C4-HSL drives rapid biofilm formation in low-temperature aquaculture effluent: strengthening structural stability of biofilm and improving nitrogen removal efficiency.

During the centralized discharge of winter aquaculture wastewater, low temperature (≤15 °C) and low C/N ratio (≤5) result in delayed initiation of the biofilm process and decreased nitrogen removal efficiency.The quorum sensing (QS) communication system serves as the core mechanism regulating biofilm formation.
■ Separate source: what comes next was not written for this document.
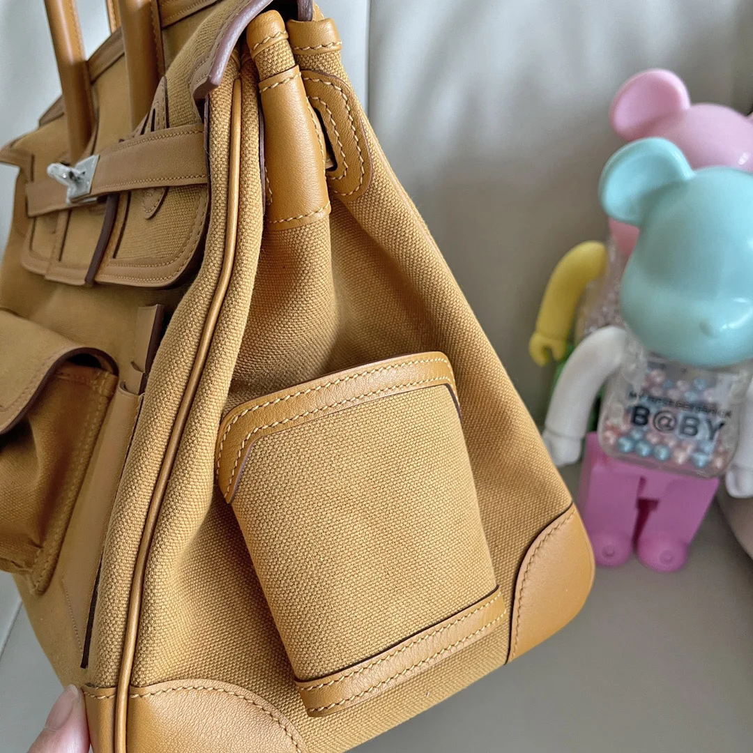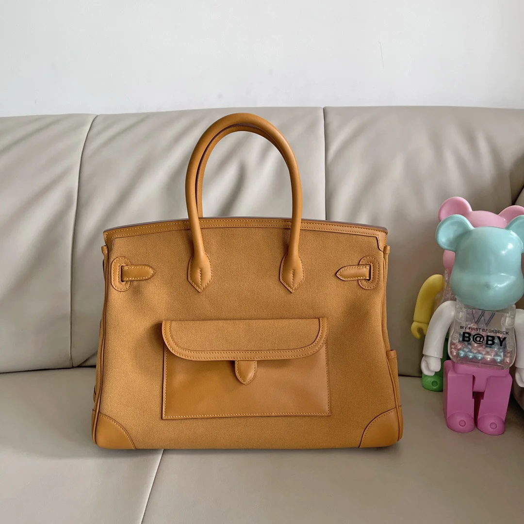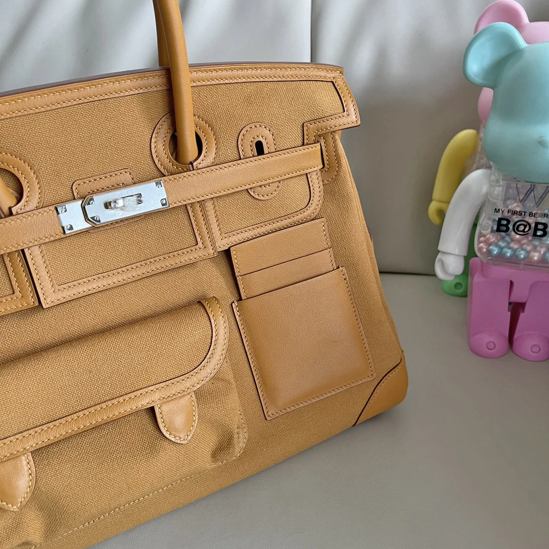 Furthermore, the combination of canvas and leather reduces weight while keeping the bag strong and reliable. Therefore, it is comfortable for daily use, short trips, or business occasions. The spacious interior provides excellent functionality, and meanwhile, the exterior pockets offer quick access to essentials. Although the design is modern, the bag still carries the timeless charm that defines the Birkin series.
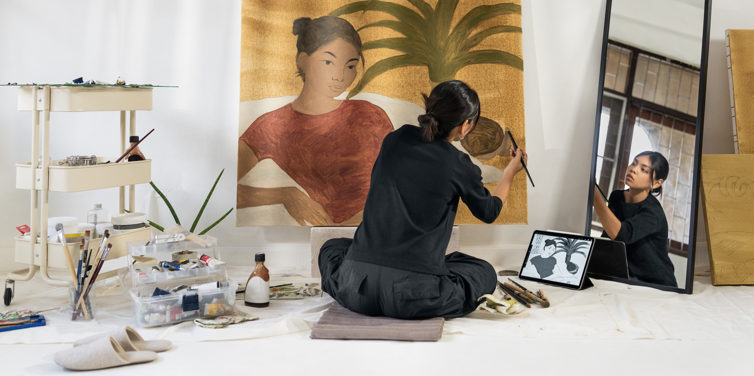Today she uses Procreate on iPad with Apple Pencil for all her creative workflows. Features such as QuickShape and StreamLine with Apple Pencil enable her to quickly add layers, outlines, colours and shadows in an immersive and playful way. “My love for traditional painting and digital art brings me a new sense of balance. My Apple devices help make this possible from anywhere.”

This study examined how adding N-butyyl-L-homo-serine lactone (C4-HSL) affects the start-up and nitrogen removal in sequential batch biofilm reactors (SBBR) operated at 14 °C with a C/N ≤ 5. Biofilm adhesion tests showed that C4-HSL levels between 400 and 1200 ng/L notably boosted initial adhesion, peaking at 700 ng/L with a 57.5 % increase over the control. The SBBR results indicated that a high concentration of C4-HSL (700-1000 ng/L) effectively removed TN and COD, achieving a TN removal rate of 91.62 %, which was three times that of the control. C4-HSL enhances low-temperature biofilm nitrogen removal by remodeling the structure of functional microbial communities and enriching bacteria along with functional genes involved in biofilm formation and nitrification-denitrification. Additionally, C4-HSL specifically upregulated the abundance of flagella assembly and biofilm matrix synthesis genes (such as virD4, yegE) and quorum sensing-related genes (such as rpfB, bapA), promoting the secretion of extracellular polymeric substances. This drove the transition of biofilm structure from a loose state to a highly organized one, accelerating the maturation of biofilm adhesion and prolonging the stabilization period of the biofilm by 15-20 days. This study revealed the influence of C4-HSL on the initiation mechanism of low-temperature biofilm process from the perspective of quorum sensing regulation, providing a theoretical basis and technical pathway for developing aquaculture effluent treatment technologies based on quorum sensing regulation.